If you’ve read the responses of the 25 most influential tech comm bloggers and honorable mentions to being listed, you may have noticed that I haven’t said anything about it before now—other than on Twitter the day the list was posted. One reason is that I had other post ideas and some guest posts I wanted to publish first.
Now I’ve gotten around to it.
What Influence Is
Brian Solis recently wrote about how influence has been confused with online popularity. He says:
Over the years, I’ve explored the roles of influencers in social networks and as a result, I’ve refined the definition as simply the ability to cause measurable actions and outcomes. Intentional influence then assumes that certain actions are therefore definable and as a result, desired activity and results are now designed into strategies. The execution of these plans is then dependent on the reach and conviction of the influential voices to which they’re aligned.
One of the classes in my communication minor in college focused on persuasion and social influence. (Yes, majoring in English and technical writing and minoring in communication may be redundant. But the minor gave me a perspective on how people communicate in general, not just how to communicate technical concepts to people.) In this period of the ubiquity of social media, thinking about social influence is highly relevant.
Our textbook was Persuasion, Social Influence, and Compliance Gaining, of which our professor was a coauthor.
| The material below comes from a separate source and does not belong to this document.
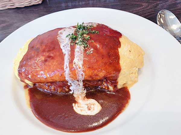 ふわふわスフレのオムライス!ふわふわスフレのオムライス2350円(税込)に初挑戦。厚さ5センチのふわふわスフレタマゴ、下にスクランブルエッグ。下のご飯はこだわりオムライスと同じ。 間にスクランブルエッグが挟まっているお蔭で、スフレとご飯がマッチする。工夫を感じるオムライス。 値段の高さは、手間が係る分だそうです。思った通り。 |

The book is based partly on the premise that the three named concepts are closely related or synonymous and that they’re aimed at changing people’s thoughts, attitudes, or behaviors.
I believe influence is different than a social circle or even than attraction. Someone may be in my circle without being influenced by me. People may be drawn to my blog through a link on Twitter and never be influenced by what they read. I agree with my college professor’s view of influence: it’s bringing about change in someone else.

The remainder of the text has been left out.